Pampa lies in the northwest corner of Gray County, which was created in 1876, and named for Peter W. Gray, a soldier, attorney, member of the first Texas Legislature and the House of the Confederate Congress, and Texas Supreme Court Justice. The county is located in the southern portion of the Great Plains, partly situated on the caprock, a hardpan layer a few feet below the ground surface. The county lies within the Llano Estacado or "staked plains," a Spanish name that might have referred to stakes that were placed as markers because the lands were so vast and level.

Native Americans may have lived in the area 20,000 years ago. The county's prehistoric Plains Apaches gave way to the Apaches, who were in turn displaced by the Comanches and Kiowas.
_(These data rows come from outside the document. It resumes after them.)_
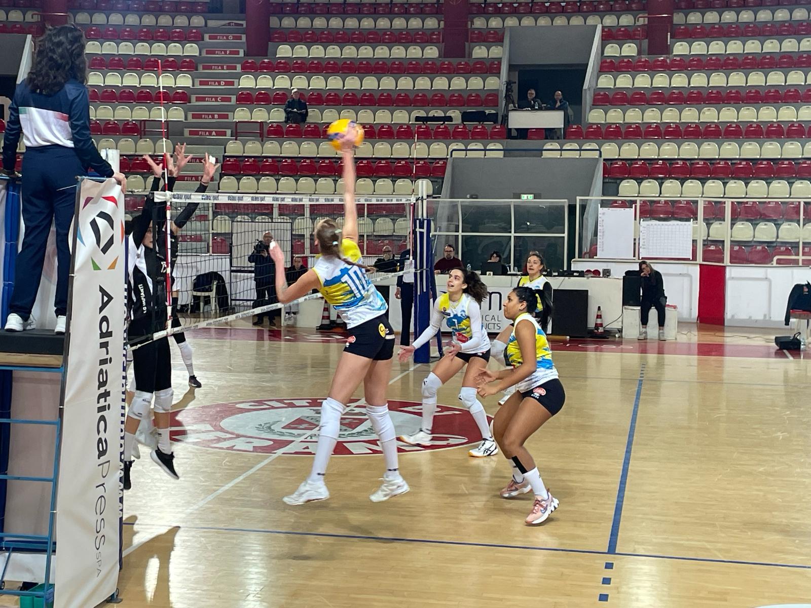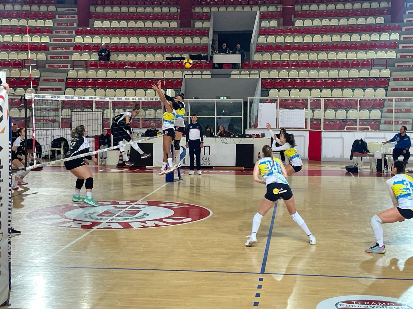 Fasano – Gara perfetta per le gialloblu di coach Paolo Totero che in quel di Teramo fanno bottino pieno allungando in classifica proprio sul roster abruzzese. Un match che ha mostrato un particolare equilibrio solo nella fase iniziale della gara quando le padrone di casa con molta grinta e determinazione costringevano le fasanesi agli straordinari. Un set combattuto che Valentina Barbolini e compagne riuscivano comunque a vincere (25-27) indirizzando la gara sui binari del successo finale. Una vittoria concretizzata nei due restanti set che le fasanesi conducevano in porto senza commettere ulteriori distrazioni. Nel secondo set infatti le ragazze di coach Paolo Totero piazzavano subito un break decisivo che permetteva loro di chiudere il gioco senza patemi. Nel terzo game infine ci si attendeva la risposta delle padrone di casa ed invece a fare la gara erano le gialloblu fasanesi, che dominavano letteralmente il set costringendo il Teramo a mollare definitivamente la presa al cospetto di una Pantaleo precisa e cinica che in questa prima di ritorno ha saputo palesare una rinnovata autostima nei propri mezzi e quindi grande personalità nella conduzione del match, anche nei momenti più difficili.
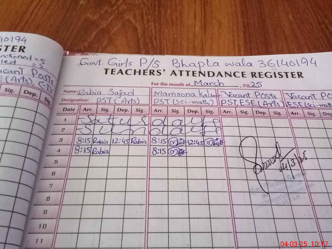 | Name: Ra**** Sa**** Designation: (School Headmaster's/Headmistress's) ESE (Art) Phone/Cell Number: 03**** |
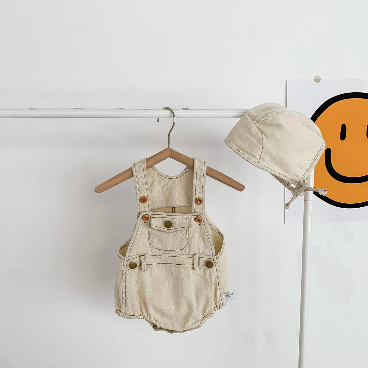 Baby Clothes Denim Sling Romper Infant Onesie Newborn One-piece 0-3 Years Old Complimentary Hat
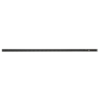 Vertical power strip with a 15 A, 120V, 20 NEMA 5-15R in-line receptacles, one 15 A thermal breaker, red LED surge suppression indicator, and 10' power cord with NEMA 5-15P plug. UL and c-UL Listed.
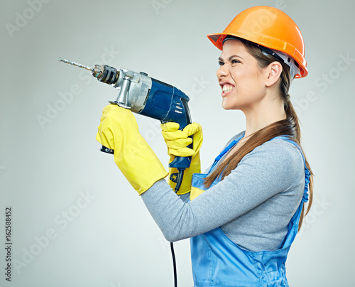 Hard work of woman builder with drill tool.
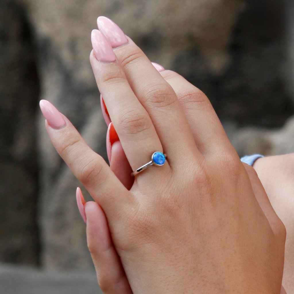 Strieborný prsteň so syntetickým opálom modrý okrúhly 15001.3
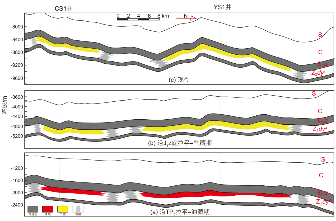 摘要: 深层-超深层油气资源潜力大但探明率低,是我国油气现今勘探发展的重点领域。然而,针对深层-超深层领域的资源潜力评价仍面临烃源岩热演化程度高、储层成岩改造强、油气藏多期调整改造与有效保存等一系列科学技术难题。近期,元坝地区超深层油气勘探获得新突破,在埋深近9000 m的灯影组四段发现了天然气藏,揭示了四川盆地北部超深层良好的勘探前景。本文以最新钻井YS1井的资料为主,结合周缘钻井、露头及其分析测试等数据,对研究区灯四段气藏的烃源岩、储集层等成藏关键要素及油气成藏过程开展系统研究,以期为超深层油气藏勘探评价提供借鉴。结果表明:(1)YS1井灯四段气藏烃源岩来自寒武系筇竹寺组,烃源岩在志留纪进入低成熟阶段,至晚二叠世-三叠纪达到中-高成熟阶段,在中侏罗世-早白垩世达到高-过成熟阶段,目前处于过成熟阶段。(2)灯四段气藏储层主要为台缘丘滩相白云岩储层,其经历了长期压实、压溶和深埋胶结,现今表现为低孔、低渗的特征。(3)川北地区台缘丘滩储层紧邻筇竹寺组深水相优质烃源岩,具有“棚生缘储,上生下储”的有利源储配置条件,是古油藏形成的物质基础。(4)灯四段气藏经历了多期调整改造。古油藏期,研究区处于川中古隆斜坡区,受滩间致密层封挡形成规模岩性古油藏;油气转换期和气藏期,受北部盆缘米仓山隆升影响,研究区处于米仓隆起斜坡区的局部微幅隆起构造,形成受构造-岩性共同控制的古气藏;晚期受喜山运动影响,盆缘隆升挤压,元坝地区处于九龙山背斜南西翼,灯影组古气藏局部调整形成现今气藏,YS1井处于古气藏、现今气藏叠合有利区。四川盆地北部超深层油气藏勘探应以寻找大型规模古油藏为基础,进而落实成藏关键期的有利古构造特征;持续有效的保存条件和古、今构造高部位叠合区是油气运聚调整的有利富集区。
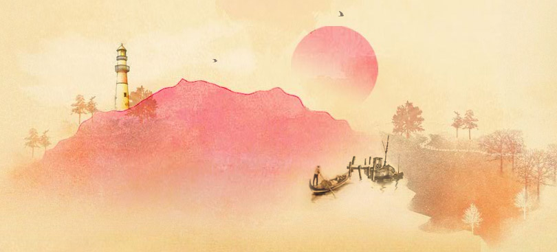 若背景为具象的、视觉重量较重的,比如地图?风景?等,需要注意的是版面的搭配,背景从哪里开始到哪里结束。颜色是否与前景物体的颜色冲突或相近。
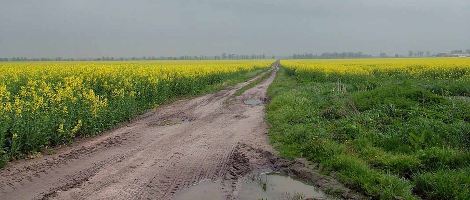 Droga przez pola rzepaku w Wielkopolsce, fot. Krzysztof Kujawa
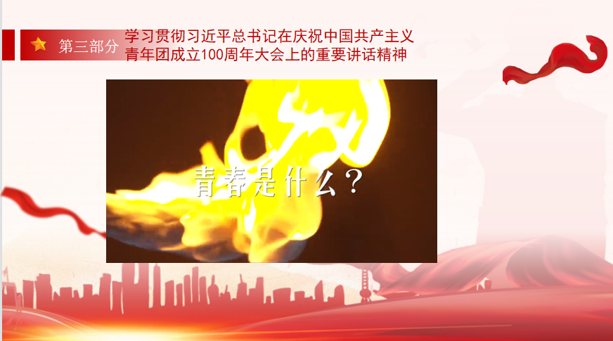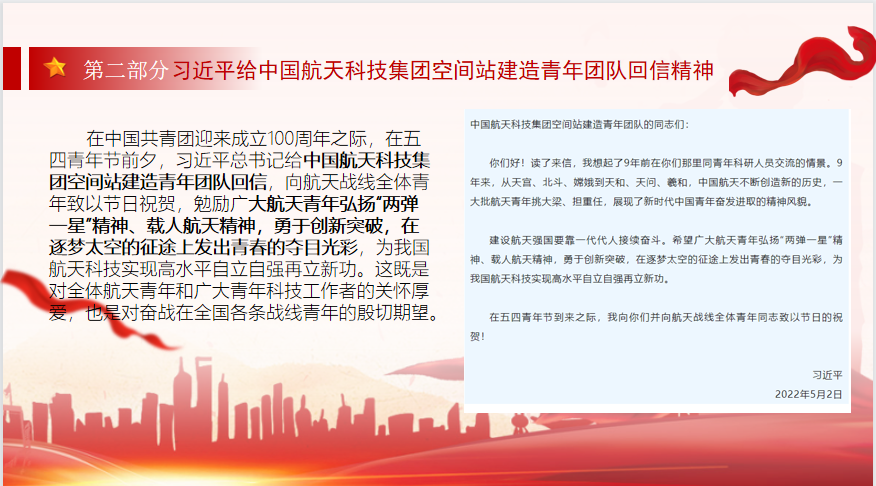 会议第二项,盛竹莹同志带领大家进行四个板块理论学习——学习习近平总书记在中国人民大学考察时重要讲话精神、学习习近平总书记给中国航天科技集团空间站建造青年团队回信精神、学习习近平总书记在庆祝中国共产主义青年团成立100周年大会上的重要讲话精神、学习习近平总书记给南京大学留学归国青年学者重要回信精神。习近平总书记不论是讲话,还是回信中,都内涵丰富、高瞻远瞩、情真意切、催人奋进,具有极强的政治性、思想性、指导性、实践性,体现出对人才的重视,希望每位青年都争做堪当民族复兴重任的时代新人。
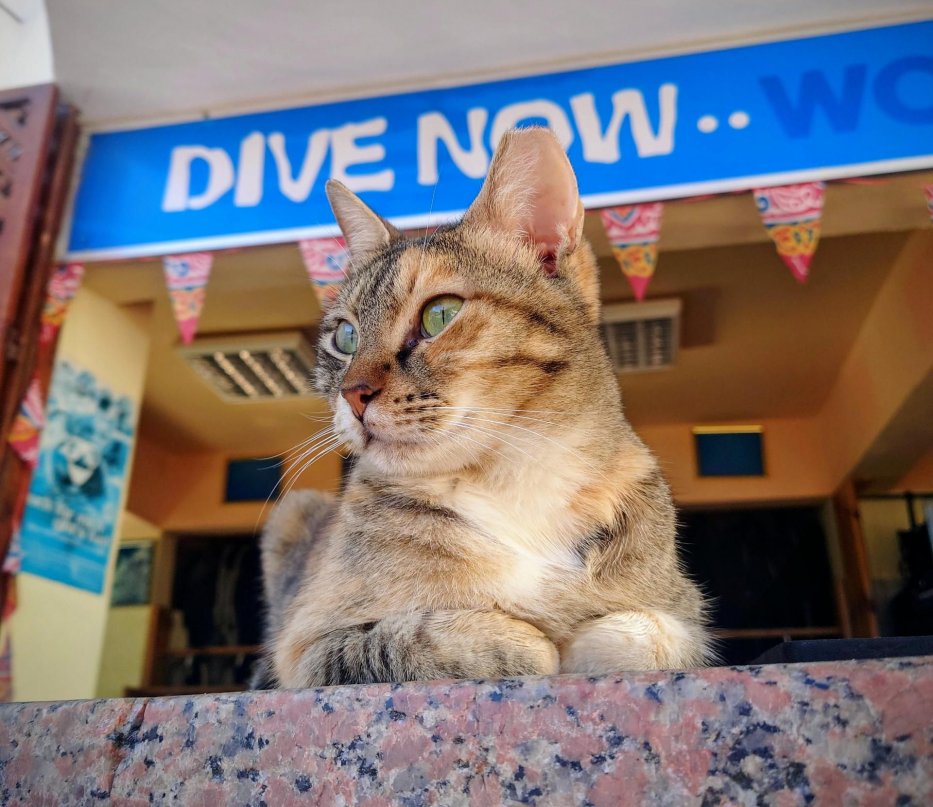 | Katzen sind sehr zuverlässige Mitarbeiter und haben alles im Überblick was in der Tauchschule so läuft. |
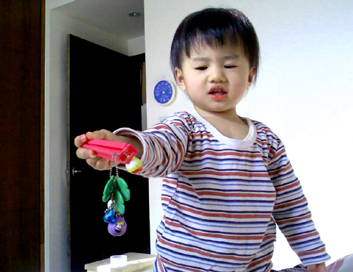 這是妞最近很熱衷的玩法,把我在IKEA買的夾子(封塑膠袋的)拿來夾東西。那彩色一串的,是從前年少不經事,花大把銀子珍藏的扭蛋玩具,現在全變成妞的。妞很得意地把東西夾上夾下,從一個盒子夾到另一個盒子放,因為可以讓這孩子認真地玩很久,就,讓她玩吧!
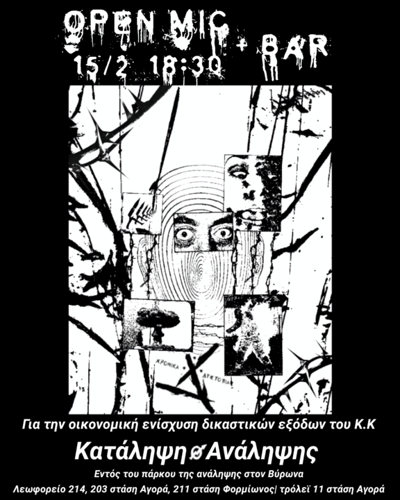 Open mic Χρονικά Δυστοπίας για την οικ. ενίσχυση δικαστικών εξόδων του Κ.Κ.
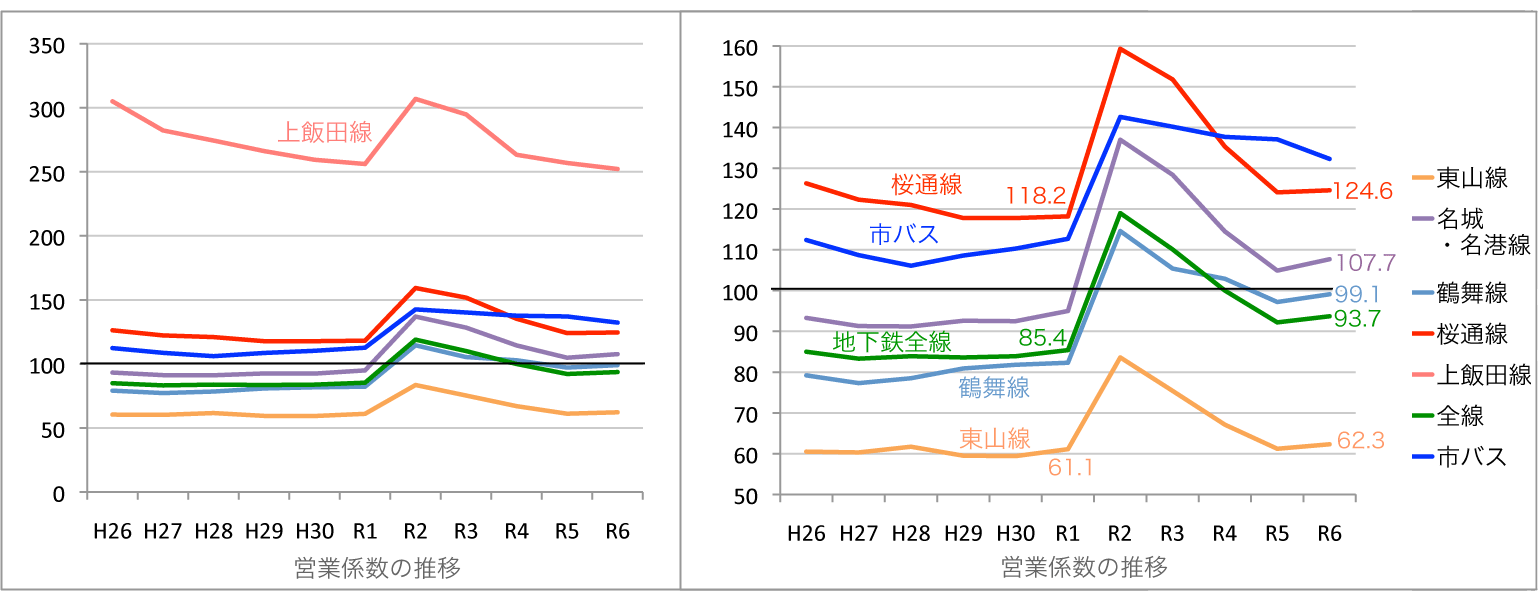 全国でも有数の優良路線である地下鉄東山線の営業係数は約60で推移してきましたが,R2年度に75.4まで悪化.R4年度より60台に戻しました.
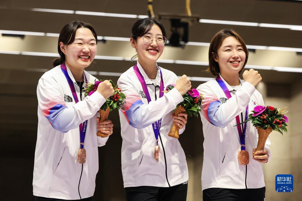 9月27日,获得铜牌的韩国队选手沈恩智(左)、梁智仁(中)、金烂妸在颁奖仪式上。新华社记者 单宇琦 摄
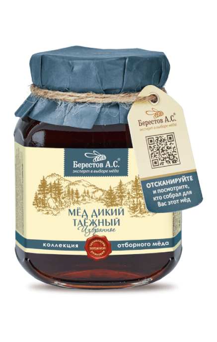 Мед «Дикий Таежный» натуральный Берестов. А.С. – топовая линейка меда, с подтвержденной историей происхождения. Каждая банка имеет индивидуальный номер и QR код, отсканировав который можно увидеть расширенные данные о пчелохозяйствах.
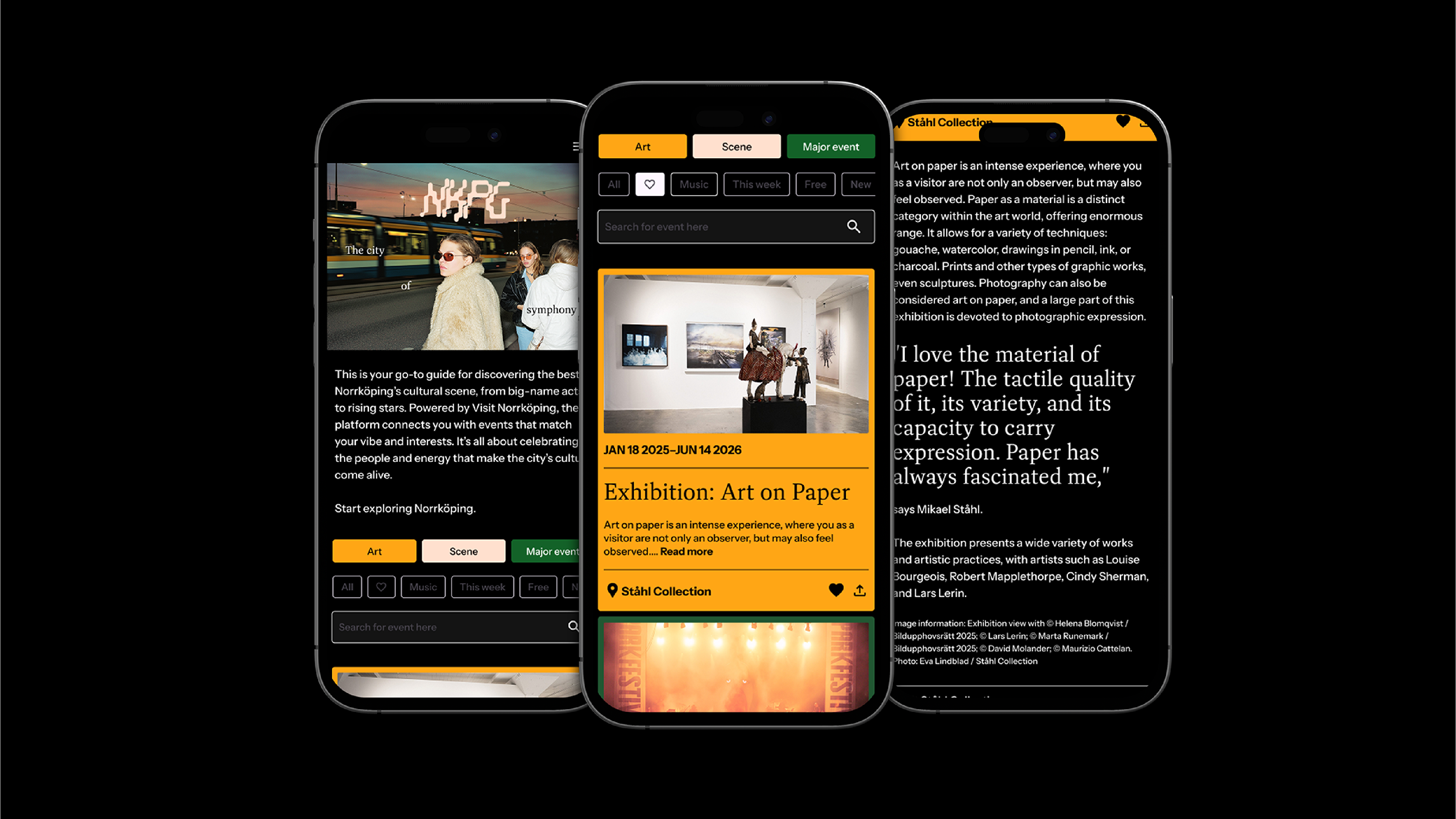 The task was to repackage Norrköping’s entire cultural offering into a single, living platform. One that could inspire locals, attract visitors from Stockholm, and reflect a modern, creative city with its own beat. The challenge wasn’t just strategic, it was emotional. The design had to rebuild trust and pride through a voice that felt bold, human, and unexpected.
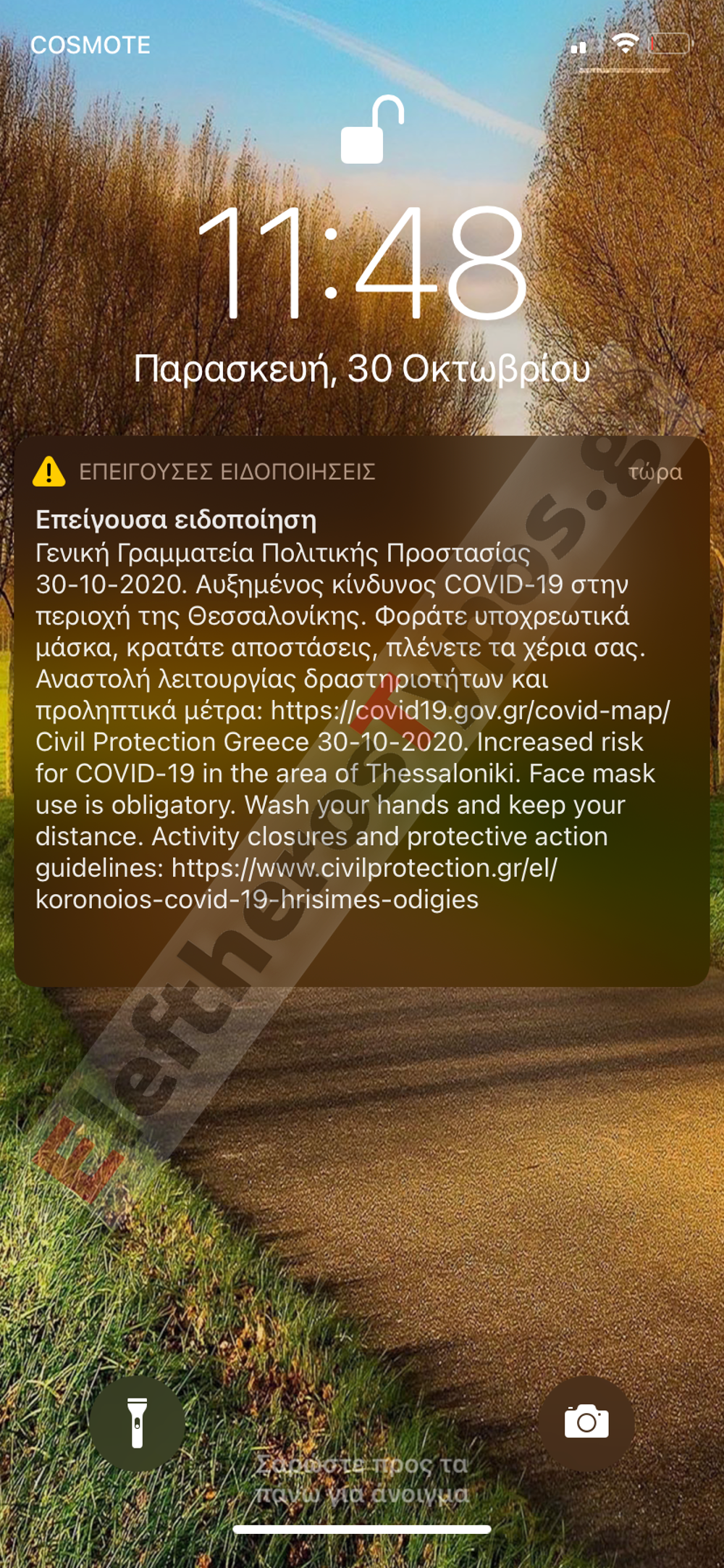 Το μήνυμα από το 112 κάνει λόγο για αυξημένο κίνδυνο κορωνοϊού στην περιοχή της Θεσσαλονίκης και απευθύνει έκκληση στους πολίτες να φορούν μάσκα, να κρατούν αποστάσεις και να πλένουν τα χέρια τους. Το μήνυμα είναι γραμμένο και στην αγγλική γλώσσα.

Spanish exploration of the area began after Francisco Vasquez de Coronado advanced into the Panhandle in 1541 in search of gold. Army engineers began mapping the area beginning with J. W. Abert near Hoover and Lefors in 1845, followed by an expedition led by Randolph B. Marcy with George B. McClellan in 1852. These expeditions were followed by the arrival of buffalo hunters and traders. Native Americans were removed to Indian Territory after the Red River War of 1874. The federal government established Fort Elliott in 1875 in adjacent Wheeler County after the first cantonment settled in eastern Gray County earlier that year.

Ranchers settled the area as early as 1877 and were soon followed by land syndicates which established vast ranches. In 1882, the Francklyn Land and Cattle Co. purchased approximately 637,440 acres in Gray, Carson, Hutchinson and Roberts Counties. In 1886, English bondholders foreclosed on the land, which became part of the newly organized White Deer Lands Co., which operated the Diamond F Ranch. In 1888, the Southern Kansas Railroad extended its line through the Panhandle toward Amarillo, through present-day Pampa. Thomas Lane, a telegraph operator, manned a section station at the rail switch and became the first postmaster when White Deer Lands manager George Tyng applied for a post office in 1892. The name of the station changed from Glasgow to Sutton, and finally to Pampa, so named because Tyng saw a similarity to the flat terrain of the Argentine pampas (plains) he had once visited. In 1902, White Deer Lands began to sell its holdings to newly arriving farmers on long-term credit, leading to a land rush in Gray County. In 1916, White Deer Lands built its third and last office building in Pampa, from which land sales were conducted until 1957.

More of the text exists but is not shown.